Exercise requirements: Each line below from the line with "Тетрадь 80 л, клетка" to the line with "Description: Drape yourself" must be copied exactly, including those two, and no picture may appear in the copy.

Material shown:
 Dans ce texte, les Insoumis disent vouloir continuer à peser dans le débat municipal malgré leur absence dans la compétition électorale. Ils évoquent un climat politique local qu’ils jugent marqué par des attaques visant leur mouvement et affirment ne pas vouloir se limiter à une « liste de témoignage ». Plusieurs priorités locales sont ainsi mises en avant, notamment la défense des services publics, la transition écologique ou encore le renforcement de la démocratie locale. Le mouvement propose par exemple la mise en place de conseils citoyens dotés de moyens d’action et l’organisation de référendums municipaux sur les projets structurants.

* * *

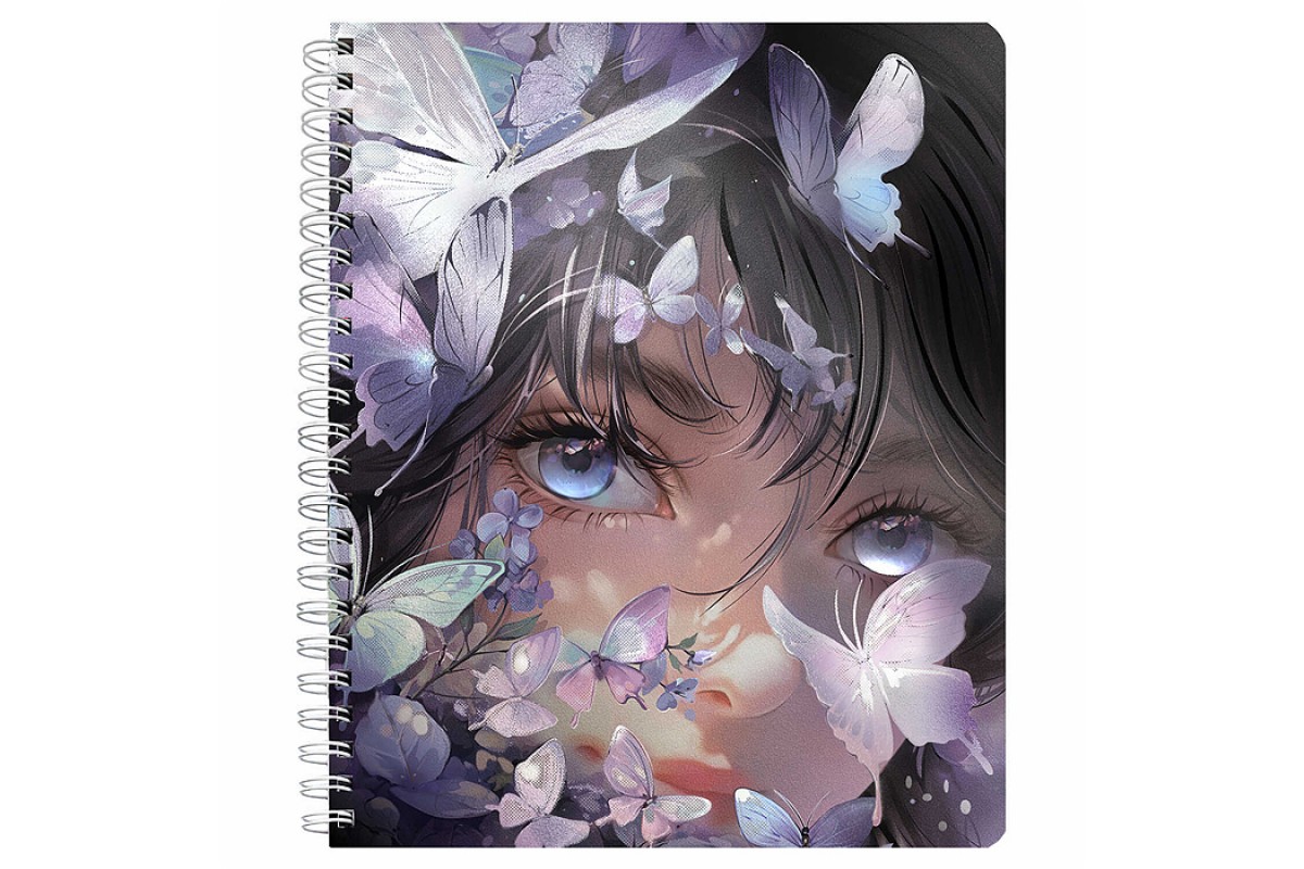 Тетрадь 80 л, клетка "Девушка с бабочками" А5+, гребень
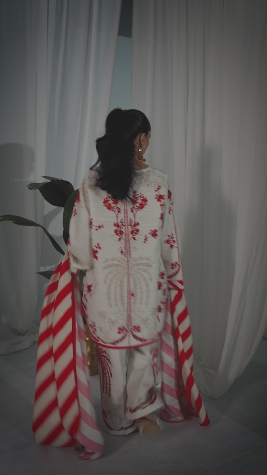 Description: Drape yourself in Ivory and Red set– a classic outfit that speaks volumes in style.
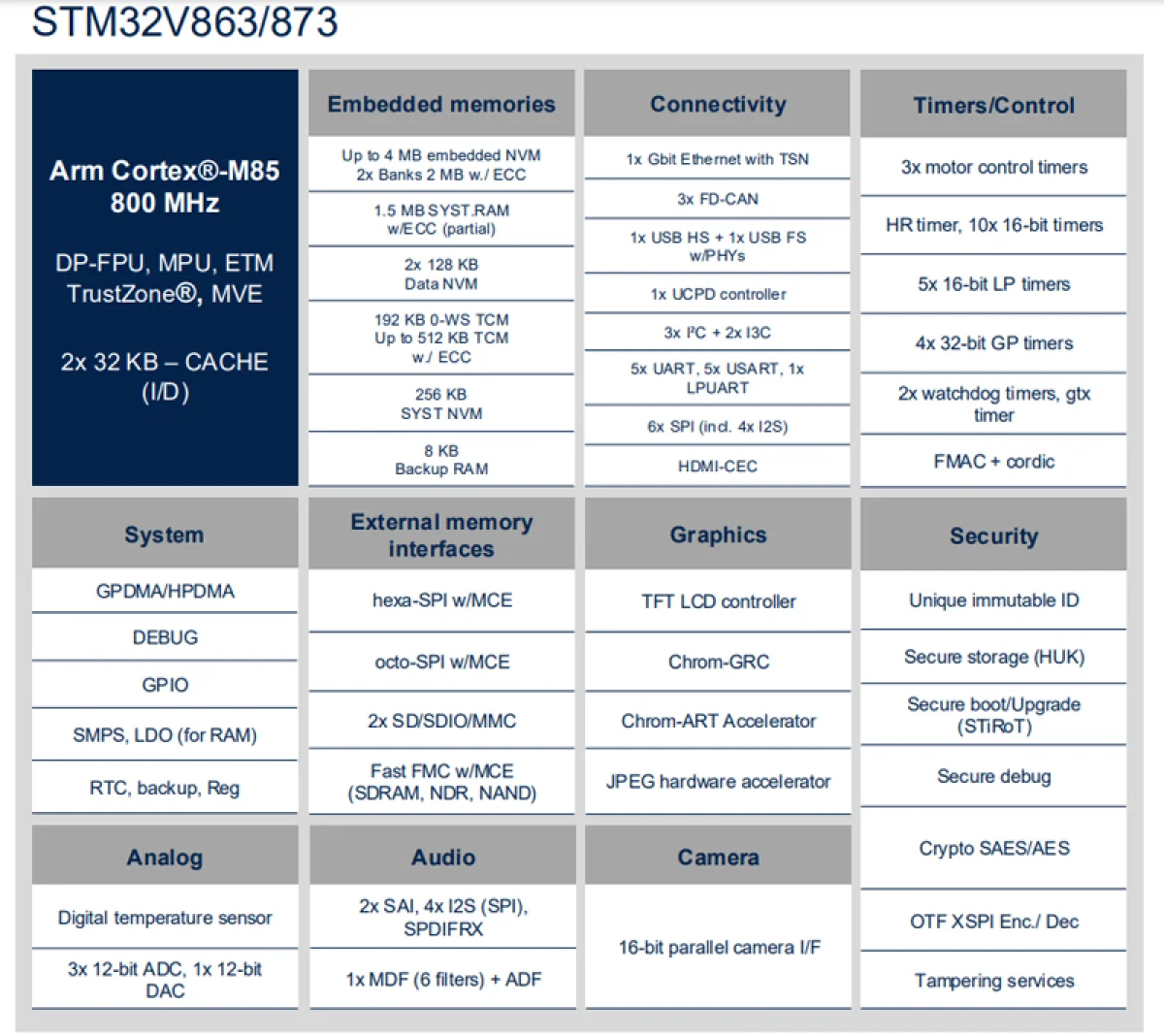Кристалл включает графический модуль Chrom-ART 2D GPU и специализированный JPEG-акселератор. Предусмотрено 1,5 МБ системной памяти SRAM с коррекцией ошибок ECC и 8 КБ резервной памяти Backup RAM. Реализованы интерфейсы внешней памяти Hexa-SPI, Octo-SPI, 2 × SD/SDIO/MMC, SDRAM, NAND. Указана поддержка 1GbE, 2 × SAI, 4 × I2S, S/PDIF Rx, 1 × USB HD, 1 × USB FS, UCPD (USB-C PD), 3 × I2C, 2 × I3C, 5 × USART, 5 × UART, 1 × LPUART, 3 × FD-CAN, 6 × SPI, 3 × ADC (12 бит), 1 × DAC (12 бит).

Reply:
 Тетрадь 80 л, клетка "Девушка с бабочками" А5+, гребень
 Description: Drape yourself in Ivory and Red set– a classic outfit that speaks volumes in style.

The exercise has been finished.